Во дворе стояла бубличная, чья труба доходила меньше чем до трети шестнадцатиэтажного общежития, почти упираясь в служебный балкон. Рядом с окном Черенковой. Дым пропитал и само общежитие, и глубины янового матраса, под которым разверзались более-менее вонючие этажи и прочие полости, вплоть до метрополитена. Москва стала трухлявой вплоть до Воробьёвых гор. У дыма был сладковатый, как в крематории, запах.
У Яна кружилась голова.
Милые дымом исходят сонной трубою кирпичной, ангелов сонм в хороводе кривится знаком скрипичным.
Влюблённые ангелы обнимали дым трескающимися крыльями и рушились.
Главный московский ангел, соскользнувший с Воробьёвых гор, наследил несколько смазанно, его трубный глас увяз в Москве, как в глиняной затычке, пронизав её путаными порами различной высоты и диапазона. Музыка сфер в городской геологии сложна для восприятия, поймать эхо, что, кажется, окостенело надёжным сводом и вдруг срывается и мельчает в глиняном сите, трудно, и поэтому тем, кто хочет прийти ангелу на помощь, передвигаться приходится по разному. Капелькой пота в ангельских порах, городской русалкой. Общее — много грязи.

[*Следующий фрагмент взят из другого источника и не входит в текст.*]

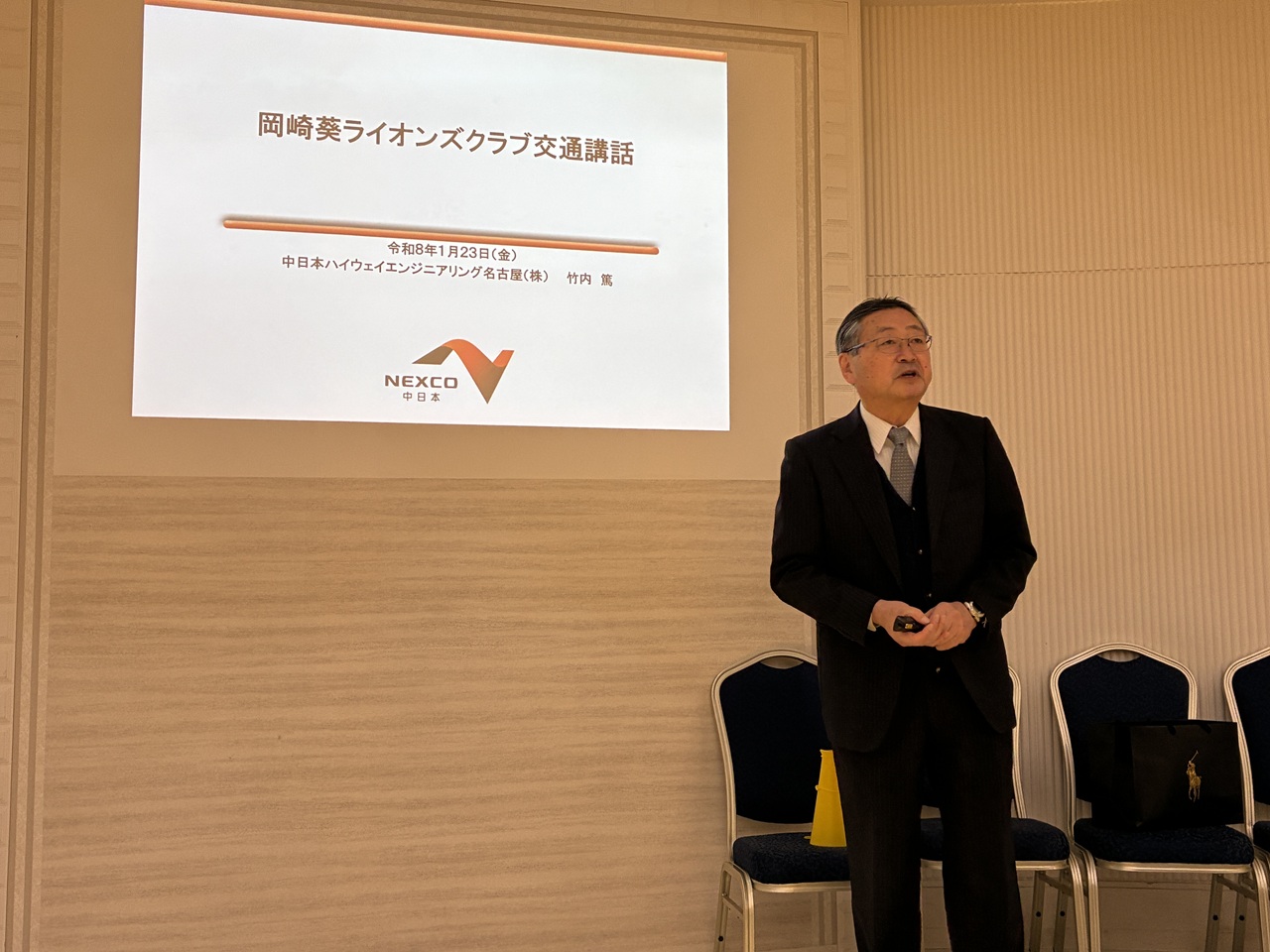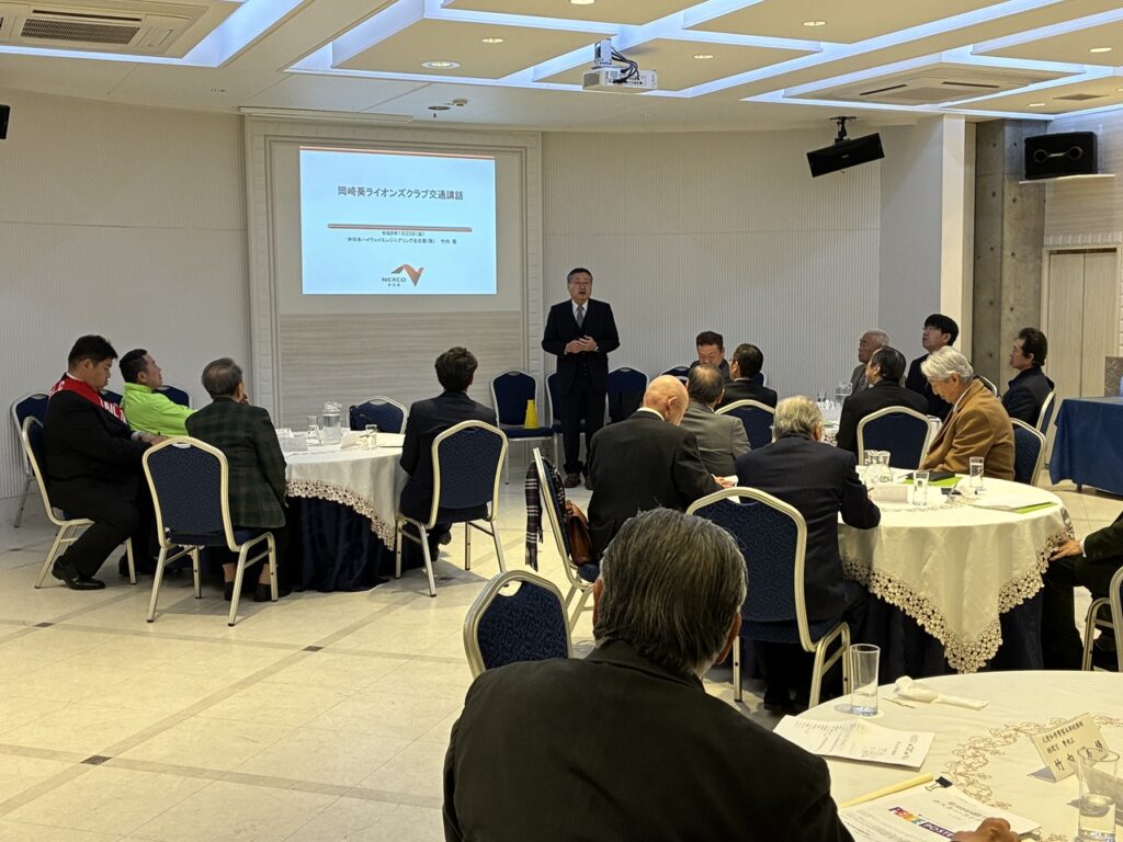 第1342回例会 2026年1月23日 岡崎葵ライオンズクラブ管理者 1月23日(金)12時00分~13時45分定例会場にて第1342回例会が開催されました。この例会では、元愛知警察本部総務部 聴聞官 警視正 竹内篤様をお招きして、卓話「事故防止の裏側」を講演いただき、改めて交通安全について勉強しました。

Ян утер пот. Вокруг ветшала Москва. Обнажала поскользнувшегося небожителя, сползала с его пор и жилок. Размазался здешним миром, а теперь изживает его! Освобождает свою бесплотную суть от местной архитектуры, выпуская её всё более лёгкими, с просветами, тенями, блуждающими, как болотные огоньки. Все следы и тени в Москве возвышенной природы! — почувствовал Ян. С города слезает материя, как пространство с теней, образующих целое озеро, в котором кристаллизуется московский Китеж. Сколько раз он пытался разглядеть эту крепость! Мешает зыбь строительного раствора. Тени всё больше наполняют Москву. И сейчас цепкой прохладой прокрались под одежду. Всё сильнее чувствовалось ангельское присутствие. В дверь стукнули и всуетились размалёванная Черенкова из колхоза Буряковых-Семечкиных и поджарая полуэфиопка Азеб с русской мамой и ладошками, в которых будто испекли яичницу, любительница сочинять афоризмы, особенно про берёзки. Вот уж эти девы гоняются за тенями, да так, что вот-вот собьют куколь! Внутри слипнется завязь крылышек! Прорвутся и затрепещут клеточки ангельского организма! Впрочем, не всегда хватает сил прорвать оболочку. В Москве следы небожителей бывают слишком беглыми — бегом к дребезжащей остановке в спальном районе — и слишком основательно заворачиваются окружающей, словно фаюмской, материей. Фаюмские личины москвичей, задыхаясь, взывают к небесному хранителю, который безумеет от этого. Черенкова резко остановилась перед Яном, её зрачки расплылись и лопнули. Ян ощутил себя пятипалым слепком. Без востока в голове. Что ж, — смирился безумный глиняный чурбан: — смысл — беглый небожитель! Из саркофага теней. На восток, ориент! Ориентирует мир, как гусеничную ленту. Барышни пригласили отведать вьетнамскую еду, жареную селедку. Черенкова очень похожа на провинциалку, какая-то ощипанная, с жидким пучком косичек на голове и вечно драными чулками. Но глаза ночные. На Яна наплыла первая встреча с другими такими же глазами: в них, как в прорубях — спираль галактики. Живность крутилась в отблесках. При расставаньи — на глубине торфяных колодцев залежи улиток.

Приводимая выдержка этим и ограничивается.